In other words, a block at the time of the cable label settings is
regarded as the block for the plug label 12 and the next block is
regarded as the block for the socket label 13.
The third item (with the reference character K3) is an item for
letting the print control module 615 set the printing order of the
plug label 12 and the socket label 13. The user selects "PLUG LABEL
FIRST" when he/she hopes to create a cable label 11 having the plug
label 12 and the socket label 13 printed in this order (see the
setting B1 in FIG. 9) or "SOCKET LABEL FIRST" when he/she hopes to
create a cable label 11 having the socket label 13 and the plug
label 12 printed in this order (see a setting Dl in FIG. 9). The
text area 632 is provided with a flag PA for storing the printing
order of the plug label 12 and the socket label 13. The flag PA is
set to "0" when the plug label 12 is to be printed first or "1"
when the socket label 13 is to be printed first.
In S230, block print repetition is specified. The block print
repetition means the number of printings of each block. In the case
where the Type 1 cable label has been selected in the cable label
settings, the character string to be printed on the plug label 12
and the socket label 13 has been inputted to one block; however,
the block is imaginarily recognized in this step as two separate
blocks and the number of printings is set separately for each of
the blocks. Meanwhile, in the Type 2 cable label, the plug label 12
and the socket label 13 form independent blocks and thus the number
of printings is set separately for each of the blocks. After the
setting is finished, the process in the flowchart of FIG. 5 is
ended and the control returns to S170 of the flowchart of FIG. 4.
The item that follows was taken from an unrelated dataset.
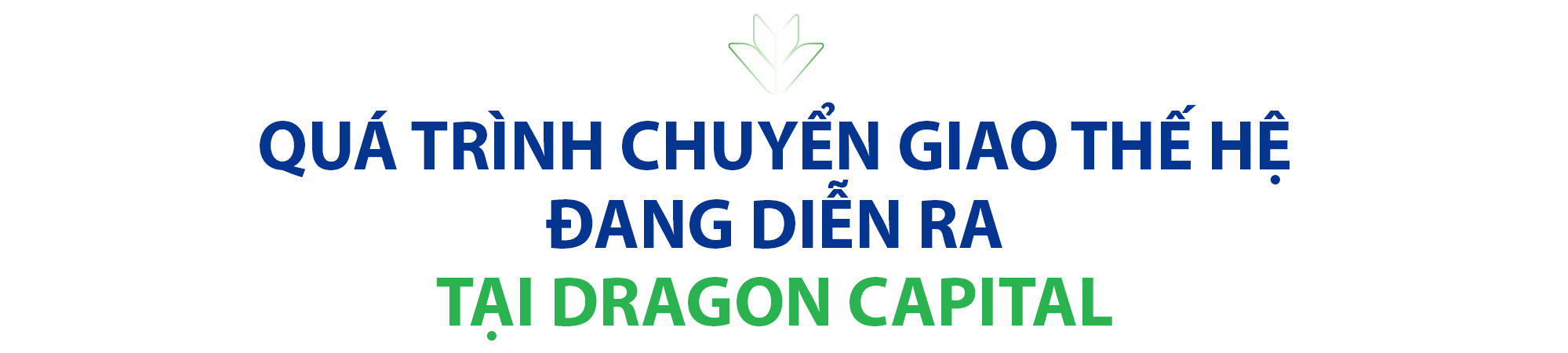 Đây là một quá trình mà Dragon Capital đang làm. Tôi và anh Dominic đều ở ngưỡng cộng trừ 60 tuổi, đây là thời điểm phù hợp để chuyển giao cho thế hệ trẻ nhưng chúng tôi vẫn luôn trong tâm thế "đứng mũi chịu sào" với trách nhiệm cao nhất của nhà sáng lập công ty, luôn sẵn sàng ủng hộ thế hệ kế thừa và tạo mọi điều kiện để từng bước giúp đội ngũ này bước ra thị trường đầy thách thức với sự tự tin cao nhất.

In this case, the character string data of the block to be printed
on the plug label 12 is copied from the text memory 632 to the
first storage module 633 when the cable label settings have been
made. When the "combination" has been specified, the character
string data in a block next to the block to be printed on the plug
label 12 is copied from the text memory 632 to the second storage
module 634.
The procedure of the print process to be executed in S170 of FIG. 4
will be explained below referring to FIG. 6. FIG. 6 is a flowchart
showing the procedure of the print process. The print process is
executed for the block for which the aforementioned print format
setting has been carried out. First, in S310, whether the print
style set in S220 of FIG. 5 is the cable wiring label printing is
judged. If the print style is the cable wiring label printing
(S310: YES), the process advances to S320 and the CPU 61 reads out
the text data from the first storage module 633 to the work area
631 of the RAM 63. In the next S330, the CPU 61 judges whether the
print type is the Type 1 cable label printing. If the print type is
the Type 1 cable label printing (S330: YES), a Type 1 cable label
printing process shown in FIG. 7 is executed (S340). After S340 is
finished, the process returns to S120 of the flowchart of FIG. 4.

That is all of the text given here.